### Task requirements
Go to the line with "Number: 03**** |" in the records below, then output it and each following line exactly, up to and including the line with "Тренажер DRY TRAINING". Skip pictures and add nothing.

Information shown section start

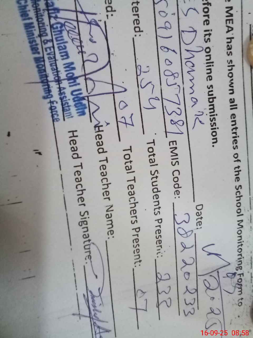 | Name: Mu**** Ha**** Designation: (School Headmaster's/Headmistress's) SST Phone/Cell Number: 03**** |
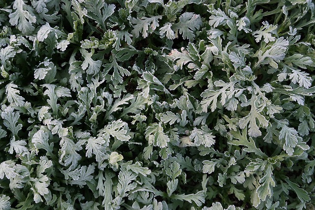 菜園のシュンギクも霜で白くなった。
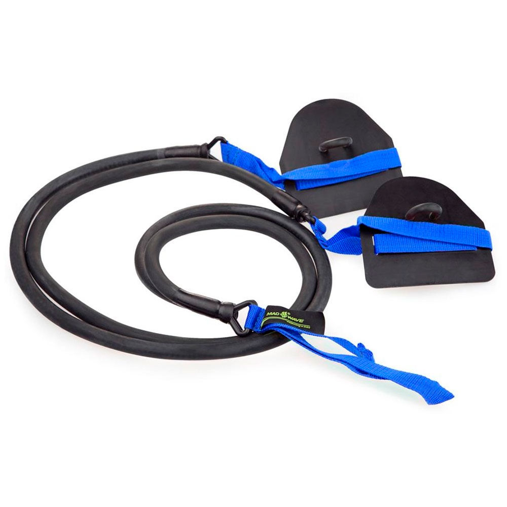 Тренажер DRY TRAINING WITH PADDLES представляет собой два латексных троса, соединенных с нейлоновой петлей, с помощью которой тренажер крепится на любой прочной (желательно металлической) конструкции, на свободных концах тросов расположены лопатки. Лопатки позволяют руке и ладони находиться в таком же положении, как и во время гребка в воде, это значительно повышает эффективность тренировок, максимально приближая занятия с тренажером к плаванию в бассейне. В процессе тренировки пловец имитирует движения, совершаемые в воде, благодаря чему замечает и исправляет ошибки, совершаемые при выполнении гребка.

Information shown section end
Information shown section start

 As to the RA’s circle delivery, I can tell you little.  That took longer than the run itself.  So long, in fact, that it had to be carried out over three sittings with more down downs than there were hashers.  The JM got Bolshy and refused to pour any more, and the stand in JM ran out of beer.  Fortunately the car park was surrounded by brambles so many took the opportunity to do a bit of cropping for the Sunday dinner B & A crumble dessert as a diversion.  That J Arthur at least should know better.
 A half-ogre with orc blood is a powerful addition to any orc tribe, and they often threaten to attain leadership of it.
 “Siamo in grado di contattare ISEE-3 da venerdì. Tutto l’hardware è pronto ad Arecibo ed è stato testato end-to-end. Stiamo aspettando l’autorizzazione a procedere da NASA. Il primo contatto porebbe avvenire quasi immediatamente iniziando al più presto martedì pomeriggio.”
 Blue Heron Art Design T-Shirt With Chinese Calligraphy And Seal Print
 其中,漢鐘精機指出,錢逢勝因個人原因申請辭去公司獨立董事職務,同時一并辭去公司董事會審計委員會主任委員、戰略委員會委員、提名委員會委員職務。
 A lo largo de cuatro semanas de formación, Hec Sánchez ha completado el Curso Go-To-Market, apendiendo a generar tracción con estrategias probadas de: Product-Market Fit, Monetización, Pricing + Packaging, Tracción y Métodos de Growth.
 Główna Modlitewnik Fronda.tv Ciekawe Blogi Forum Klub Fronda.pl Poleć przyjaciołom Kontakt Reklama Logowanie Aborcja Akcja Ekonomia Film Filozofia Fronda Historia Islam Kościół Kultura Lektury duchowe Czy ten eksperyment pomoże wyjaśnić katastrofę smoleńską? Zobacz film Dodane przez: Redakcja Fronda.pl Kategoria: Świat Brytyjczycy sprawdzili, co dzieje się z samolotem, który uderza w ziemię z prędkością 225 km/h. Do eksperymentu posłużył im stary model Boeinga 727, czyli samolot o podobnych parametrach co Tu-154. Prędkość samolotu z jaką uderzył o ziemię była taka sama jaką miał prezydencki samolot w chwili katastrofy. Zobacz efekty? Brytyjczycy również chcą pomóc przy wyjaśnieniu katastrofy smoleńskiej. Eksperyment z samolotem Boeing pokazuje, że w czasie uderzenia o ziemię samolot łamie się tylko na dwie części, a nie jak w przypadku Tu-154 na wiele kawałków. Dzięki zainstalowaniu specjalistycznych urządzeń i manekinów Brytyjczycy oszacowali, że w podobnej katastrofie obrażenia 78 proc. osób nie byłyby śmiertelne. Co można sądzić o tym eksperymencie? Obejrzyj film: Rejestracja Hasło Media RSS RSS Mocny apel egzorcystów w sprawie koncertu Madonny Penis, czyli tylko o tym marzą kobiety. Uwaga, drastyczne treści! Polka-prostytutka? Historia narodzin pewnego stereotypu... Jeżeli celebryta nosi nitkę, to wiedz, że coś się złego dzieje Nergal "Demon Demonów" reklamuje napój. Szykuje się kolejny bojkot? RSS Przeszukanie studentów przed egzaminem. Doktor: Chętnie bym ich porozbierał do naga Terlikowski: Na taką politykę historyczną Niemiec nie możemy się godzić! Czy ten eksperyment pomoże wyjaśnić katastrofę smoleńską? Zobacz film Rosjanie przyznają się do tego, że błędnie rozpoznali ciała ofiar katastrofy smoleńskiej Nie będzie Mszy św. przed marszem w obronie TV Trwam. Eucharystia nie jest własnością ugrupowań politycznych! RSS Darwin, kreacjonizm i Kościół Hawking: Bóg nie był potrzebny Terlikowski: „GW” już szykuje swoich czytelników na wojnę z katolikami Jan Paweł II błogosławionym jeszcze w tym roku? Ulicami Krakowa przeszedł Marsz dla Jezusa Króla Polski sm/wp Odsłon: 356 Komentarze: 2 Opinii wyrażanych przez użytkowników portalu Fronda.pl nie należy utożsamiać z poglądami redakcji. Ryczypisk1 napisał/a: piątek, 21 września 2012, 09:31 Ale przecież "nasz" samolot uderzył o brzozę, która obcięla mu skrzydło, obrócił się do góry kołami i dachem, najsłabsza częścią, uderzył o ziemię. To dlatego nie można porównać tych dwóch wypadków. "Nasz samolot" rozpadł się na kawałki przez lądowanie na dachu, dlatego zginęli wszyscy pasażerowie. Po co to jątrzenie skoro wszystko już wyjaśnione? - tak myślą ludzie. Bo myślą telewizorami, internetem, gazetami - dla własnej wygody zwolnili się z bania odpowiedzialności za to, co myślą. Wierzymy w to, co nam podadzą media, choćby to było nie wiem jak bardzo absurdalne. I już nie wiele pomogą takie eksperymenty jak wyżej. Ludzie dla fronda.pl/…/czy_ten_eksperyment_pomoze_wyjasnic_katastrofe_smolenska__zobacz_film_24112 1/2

Information shown section end

### Result for this task
 | Name: Mu**** Ha**** Designation: (School Headmaster's/Headmistress's) SST Phone/Cell Number: 03**** |
 菜園のシュンギクも霜で白くなった。
 Тренажер DRY TRAINING WITH PADDLES представляет собой два латексных троса, соединенных с нейлоновой петлей, с помощью которой тренажер крепится на любой прочной (желательно металлической) конструкции, на свободных концах тросов расположены лопатки. Лопатки позволяют руке и ладони находиться в таком же положении, как и во время гребка в воде, это значительно повышает эффективность тренировок, максимально приближая занятия с тренажером к плаванию в бассейне. В процессе тренировки пловец имитирует движения, совершаемые в воде, благодаря чему замечает и исправляет ошибки, совершаемые при выполнении гребка.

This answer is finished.